Юрод во все глаза смотрел на братца и не узнавал его; назюзюкались с карлою переменных вин, с погребов устала таскать прислуга. Да юный стольник не отставал; и мать, поди, сразу прослышала от слуг о гульбе, и голоса хмельные доносились до мастерской комнаты, где укрылась бояроня с белошвейками; но крепилась Федосья, глаз не показывала в трапезной; де, сыну-то она мати, но не надсмотрщица, на своих ногах парень стоит; де, учить надо было, когда поперек кровати лежал. Вот они, походы-то государевы, легли на сына, как ржа на железо.
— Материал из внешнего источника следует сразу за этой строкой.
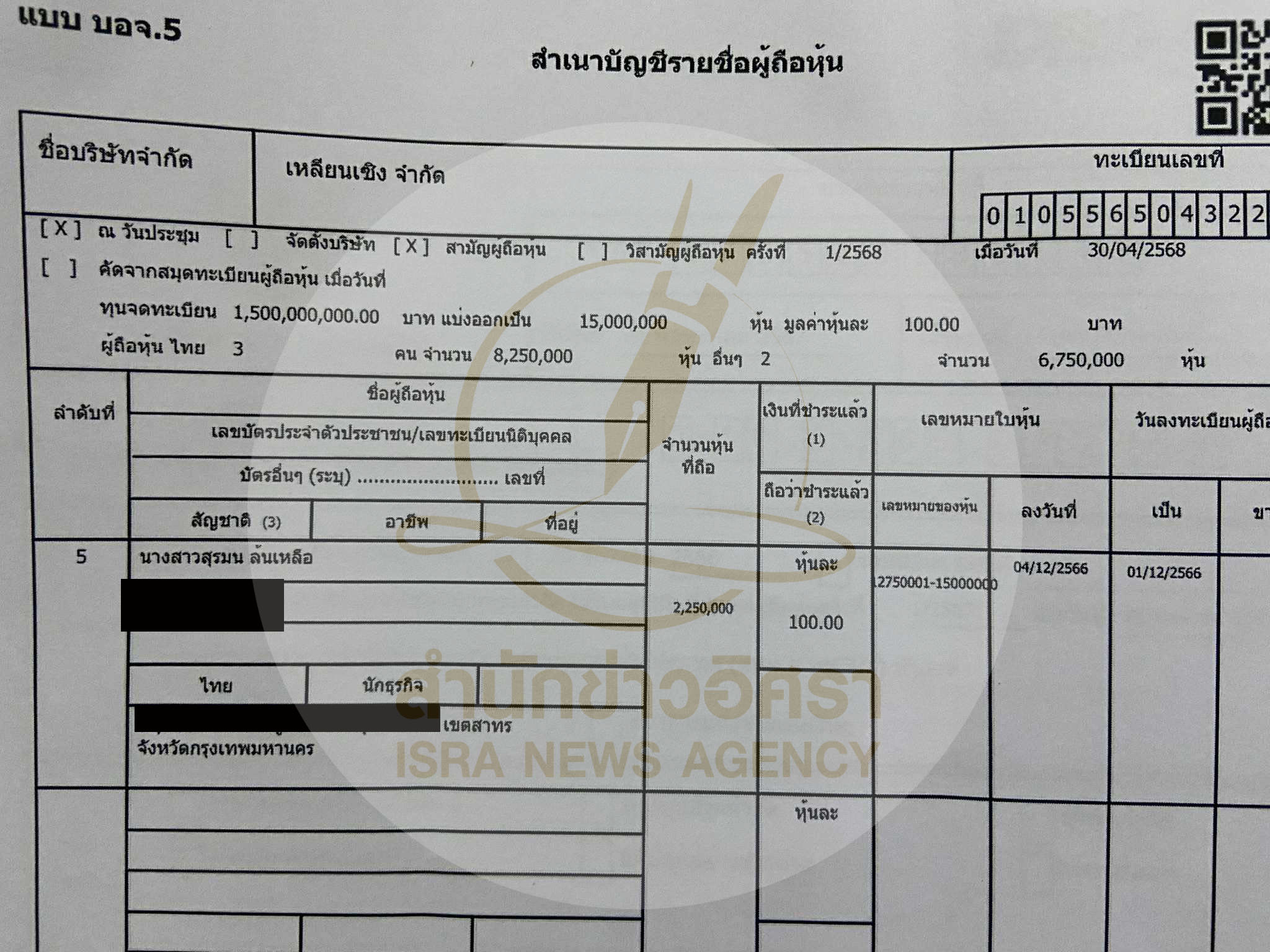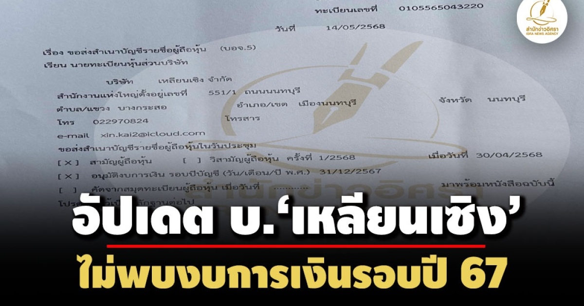 • บัญชีผู้ถือหุ้นล่าสุด บ.ทุนจีน‘เหลียนเซิง’ ยังมีชื่อ 3 คนไทย 825 ล. –ไม่พบงบฯรอบปี 67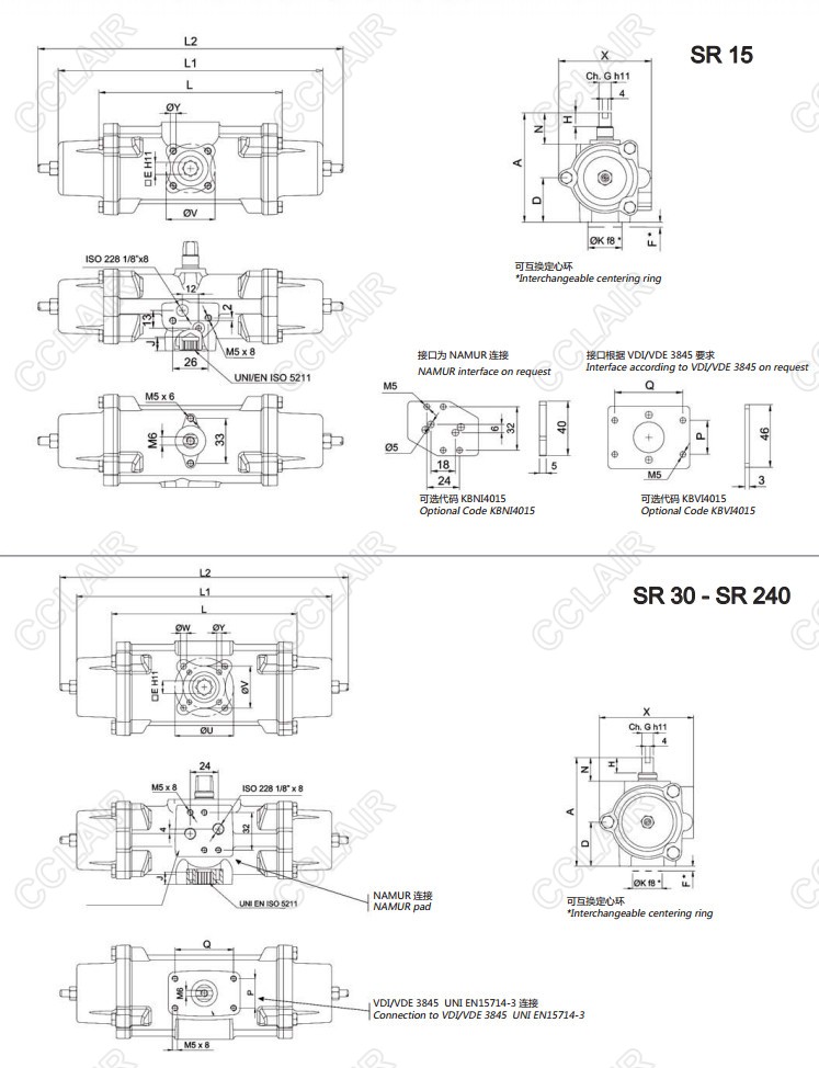 從SR30起可直接與NAMUR標(biāo)準(zhǔn)的電磁閥連接。

...Виночерпий приволок из погребицы бочонок ренского. Феоктист перехватил из его рук баклагу, ловко выбил втулку, налил в ковш вина, зачерпнул наливкою, запрокинул посуду над головою, издаля ловя губами терпкую, багряно-красную струю. Полилось вино на грудь, на камчатную скатерть. Юрод укоризненно взирал на братца, качал головою:
– Чего плещешь? Добро ведь. То кровь Христова, а ты ее, как помои.
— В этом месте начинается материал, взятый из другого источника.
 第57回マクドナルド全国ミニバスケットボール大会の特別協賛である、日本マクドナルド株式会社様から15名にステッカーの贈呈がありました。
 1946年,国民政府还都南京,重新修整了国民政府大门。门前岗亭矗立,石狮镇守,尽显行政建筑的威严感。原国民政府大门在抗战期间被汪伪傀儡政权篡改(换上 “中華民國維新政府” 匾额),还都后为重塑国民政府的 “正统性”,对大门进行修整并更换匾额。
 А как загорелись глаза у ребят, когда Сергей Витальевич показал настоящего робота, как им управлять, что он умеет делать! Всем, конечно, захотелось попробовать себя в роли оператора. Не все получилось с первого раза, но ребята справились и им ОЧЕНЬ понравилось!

Хотел перехватить черпальницу, потянулся через стол – но не сумел.
– Но-но! Убери пакши-ти! Со свиным рылом, да в чужой огород!
– Так его! Так! Перепояшь по ребрам святошу, чтоб проняло! – довольно вскричал карла и глянул на соловецкого монаха как на близкого сродника. Вино такую проказу имеет: иль ссорит без причины, иль роднит без нужды. – Федька-то сел на наши головы, как чирей. И терпеть противно, и сковырнуть больно. Такая зараза.
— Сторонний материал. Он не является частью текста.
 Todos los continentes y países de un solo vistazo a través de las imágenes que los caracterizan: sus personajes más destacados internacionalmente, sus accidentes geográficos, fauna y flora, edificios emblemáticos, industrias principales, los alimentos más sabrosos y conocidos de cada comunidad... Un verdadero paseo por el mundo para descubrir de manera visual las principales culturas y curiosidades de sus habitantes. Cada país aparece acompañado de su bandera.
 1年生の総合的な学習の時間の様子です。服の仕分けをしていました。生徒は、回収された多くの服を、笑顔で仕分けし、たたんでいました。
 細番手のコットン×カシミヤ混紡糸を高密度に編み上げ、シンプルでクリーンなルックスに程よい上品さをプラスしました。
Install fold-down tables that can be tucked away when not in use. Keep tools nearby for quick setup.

– Молчи, урод, – прошипел Феодор. И уже со слезами обратился к хозяину: – Иванушка, сынок, ты-то куда смотришь? Дай блудням отбою.
Иван Глебович смутился и от укоризны юрода закрасел еще пуще; на смуглые щеки легла крапивница.
– Прости, святый отче. Для меня гости почетнее отца-матери.
Ой, хорошо – Федосья Прокопьевна не слыхала подобных слов; сгоряча-то отволтузила бы сына лестовкою по плечам.
– Ой, брат ты, брат! – призывал Феодор Феоктиста. – Тогда сыми с груди золотой похвалебный крест. Не этому же учили тебя соловецкие старцы? А я-то кланялся тебе, как Господу, и возгоржался, как отцом.
– Вот и не возгоржайся всякой тварью. Не сотвори себе кумира! Не возжигай масла в кумирнях и не кури нарда и фимиама куклам, что зовутся человецы, бо каждый возжелает отобрать у тебя Бога... А вино, что вино? Из праха да в прах! Я его презираю, вино унижает нас. Оно хуже жидов, что распяли Христа. Те милости дают, денег в рост дают. Петлю затягивают на горле, собаки, – и отпускают. Живи-де. А вино, братец, пострашнее скимена аравийского. Я с ним прежде боролся и всегда буду братися. – Феоктист залпом опустошил новый кубок и последние капли выцедил на маковицу и растер ладонью, как бы напитал льняным маслицем. Лицо монаха свекольно забурело...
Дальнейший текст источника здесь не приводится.